:: Study material

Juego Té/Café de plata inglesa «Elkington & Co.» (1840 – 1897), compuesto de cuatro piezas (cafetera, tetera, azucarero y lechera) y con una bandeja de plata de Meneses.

::::
:: Study material

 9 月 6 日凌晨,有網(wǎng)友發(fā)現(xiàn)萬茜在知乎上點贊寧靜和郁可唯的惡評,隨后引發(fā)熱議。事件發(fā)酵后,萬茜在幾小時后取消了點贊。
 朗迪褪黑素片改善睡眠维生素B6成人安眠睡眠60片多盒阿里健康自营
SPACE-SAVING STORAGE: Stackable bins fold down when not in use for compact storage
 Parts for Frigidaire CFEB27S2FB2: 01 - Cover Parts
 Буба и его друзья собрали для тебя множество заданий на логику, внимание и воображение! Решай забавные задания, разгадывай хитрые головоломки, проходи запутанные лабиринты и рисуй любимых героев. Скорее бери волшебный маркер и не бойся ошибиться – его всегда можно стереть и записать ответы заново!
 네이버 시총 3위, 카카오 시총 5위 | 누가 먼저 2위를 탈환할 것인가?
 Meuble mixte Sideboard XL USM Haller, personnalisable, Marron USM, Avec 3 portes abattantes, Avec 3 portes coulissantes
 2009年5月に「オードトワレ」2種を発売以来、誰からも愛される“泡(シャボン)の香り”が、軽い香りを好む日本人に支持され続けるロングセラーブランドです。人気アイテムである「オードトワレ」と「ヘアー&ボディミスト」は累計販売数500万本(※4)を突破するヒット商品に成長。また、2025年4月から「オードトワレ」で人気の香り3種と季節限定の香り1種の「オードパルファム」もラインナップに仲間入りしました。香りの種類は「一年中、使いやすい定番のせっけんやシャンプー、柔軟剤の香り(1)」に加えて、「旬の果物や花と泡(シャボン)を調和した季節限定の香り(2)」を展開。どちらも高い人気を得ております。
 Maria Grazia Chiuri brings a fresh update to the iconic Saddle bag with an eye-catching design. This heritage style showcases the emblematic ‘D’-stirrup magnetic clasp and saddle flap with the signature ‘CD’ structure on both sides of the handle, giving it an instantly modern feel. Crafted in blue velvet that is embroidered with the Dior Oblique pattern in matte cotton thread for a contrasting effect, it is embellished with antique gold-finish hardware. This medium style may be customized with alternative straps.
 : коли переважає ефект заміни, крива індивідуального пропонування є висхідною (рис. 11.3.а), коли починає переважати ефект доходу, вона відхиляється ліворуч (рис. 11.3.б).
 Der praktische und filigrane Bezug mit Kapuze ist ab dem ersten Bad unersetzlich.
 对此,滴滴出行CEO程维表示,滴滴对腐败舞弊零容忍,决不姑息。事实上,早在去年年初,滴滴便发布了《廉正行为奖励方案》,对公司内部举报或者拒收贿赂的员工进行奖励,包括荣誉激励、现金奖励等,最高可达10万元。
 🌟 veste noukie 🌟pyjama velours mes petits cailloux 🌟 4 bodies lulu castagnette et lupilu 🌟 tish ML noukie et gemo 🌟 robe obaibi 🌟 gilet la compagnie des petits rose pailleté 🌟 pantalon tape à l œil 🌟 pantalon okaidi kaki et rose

::::
:: Study material

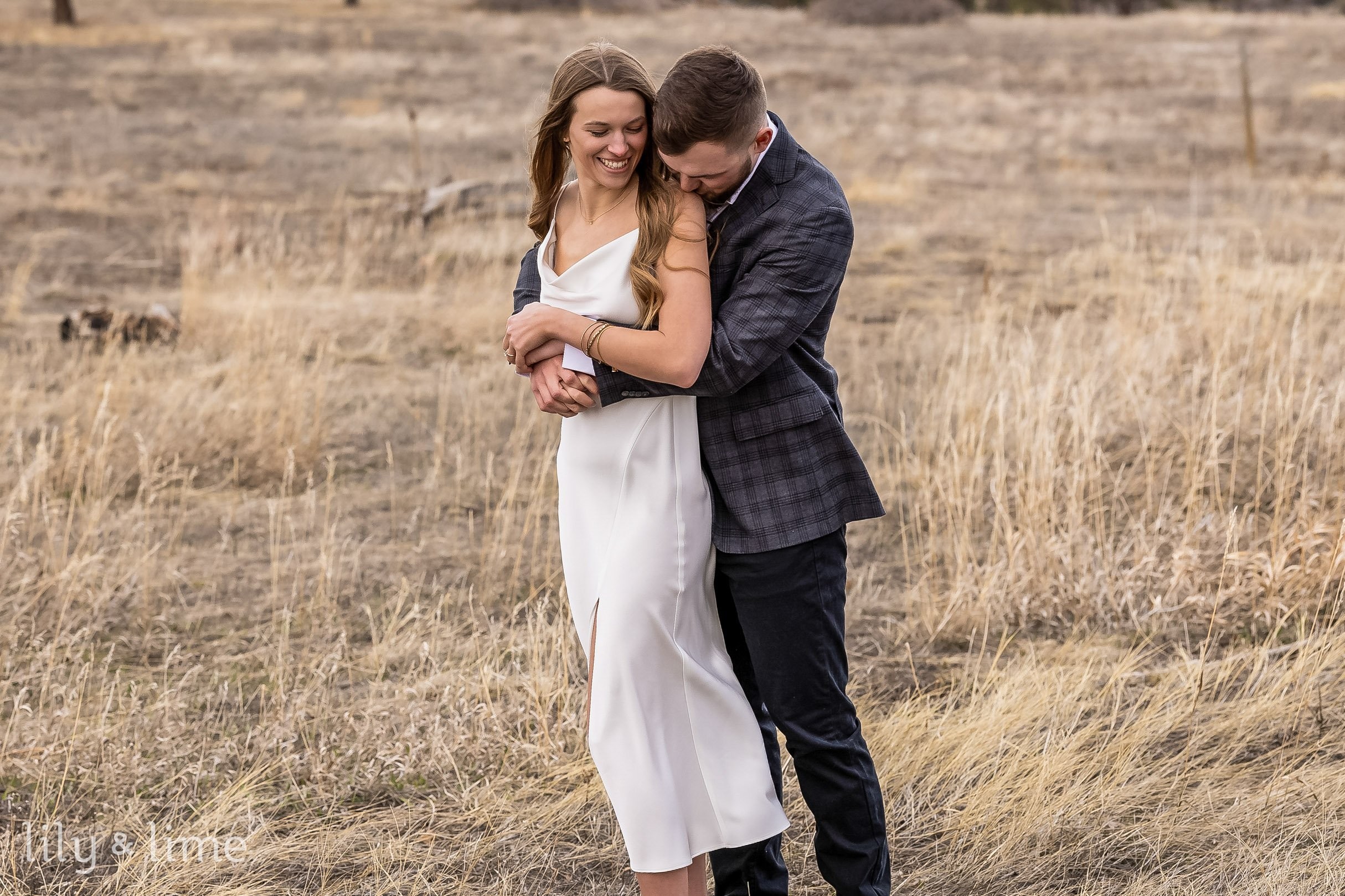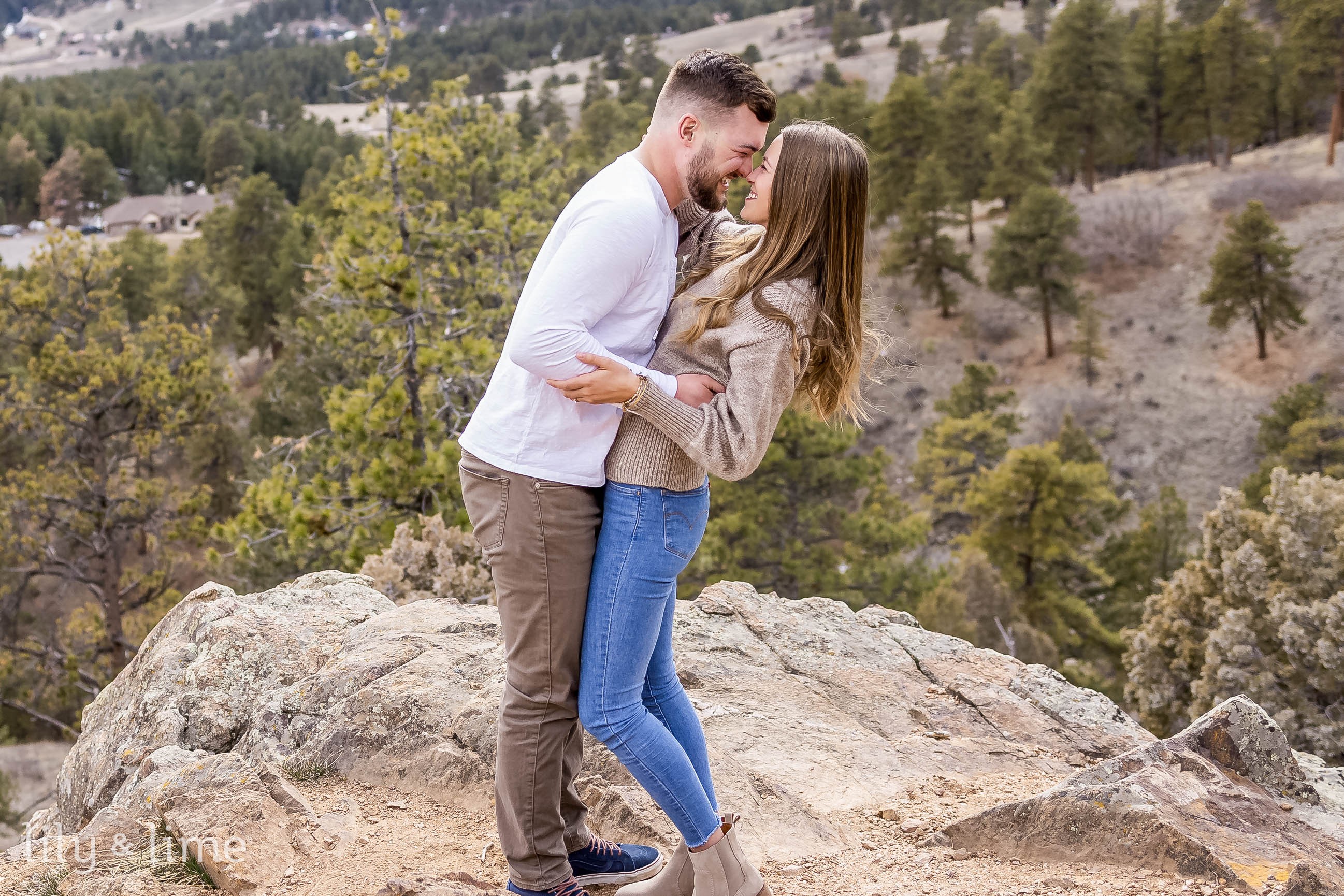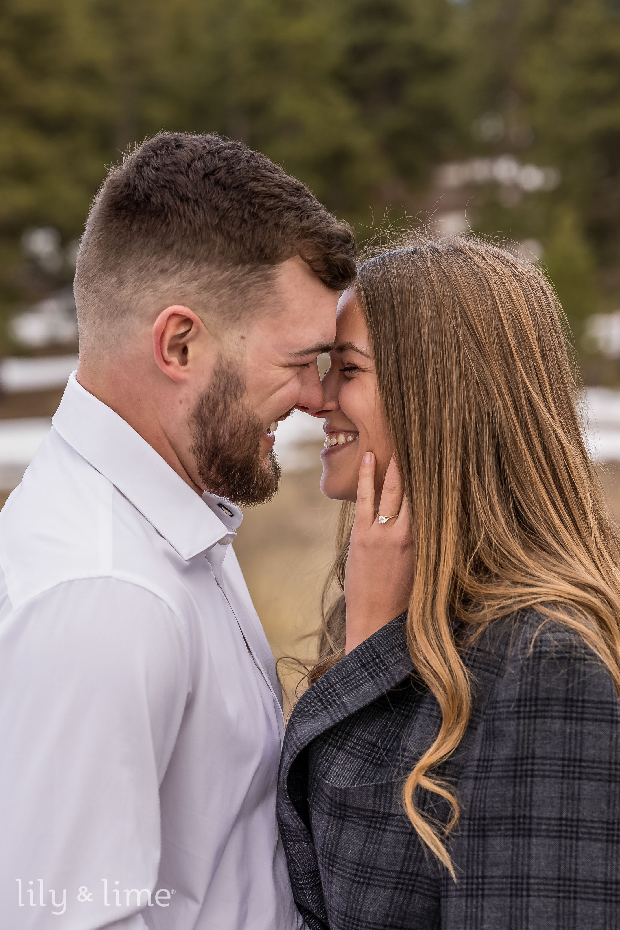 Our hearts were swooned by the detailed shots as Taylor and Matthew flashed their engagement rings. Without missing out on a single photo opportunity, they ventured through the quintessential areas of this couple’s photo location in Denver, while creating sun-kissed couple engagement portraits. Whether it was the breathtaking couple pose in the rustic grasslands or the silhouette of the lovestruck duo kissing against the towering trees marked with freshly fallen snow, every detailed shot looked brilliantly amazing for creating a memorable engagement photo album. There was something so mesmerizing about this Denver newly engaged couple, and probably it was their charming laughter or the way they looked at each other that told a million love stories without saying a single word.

::::

- [What the task asks]: Above are records; repeat only the lines starting at the line with "2009年5月に「オードトワ" and ending at the line with "Der praktische und", exactly as they appear, both included.

- [Result below]:
 2009年5月に「オードトワレ」2種を発売以来、誰からも愛される“泡(シャボン)の香り”が、軽い香りを好む日本人に支持され続けるロングセラーブランドです。人気アイテムである「オードトワレ」と「ヘアー&ボディミスト」は累計販売数500万本(※4)を突破するヒット商品に成長。また、2025年4月から「オードトワレ」で人気の香り3種と季節限定の香り1種の「オードパルファム」もラインナップに仲間入りしました。香りの種類は「一年中、使いやすい定番のせっけんやシャンプー、柔軟剤の香り(1)」に加えて、「旬の果物や花と泡(シャボン)を調和した季節限定の香り(2)」を展開。どちらも高い人気を得ております。
 Maria Grazia Chiuri brings a fresh update to the iconic Saddle bag with an eye-catching design. This heritage style showcases the emblematic ‘D’-stirrup magnetic clasp and saddle flap with the signature ‘CD’ structure on both sides of the handle, giving it an instantly modern feel. Crafted in blue velvet that is embroidered with the Dior Oblique pattern in matte cotton thread for a contrasting effect, it is embellished with antique gold-finish hardware. This medium style may be customized with alternative straps.
 : коли переважає ефект заміни, крива індивідуального пропонування є висхідною (рис. 11.3.а), коли починає переважати ефект доходу, вона відхиляється ліворуч (рис. 11.3.б).
 Der praktische und filigrane Bezug mit Kapuze ist ab dem ersten Bad unersetzlich.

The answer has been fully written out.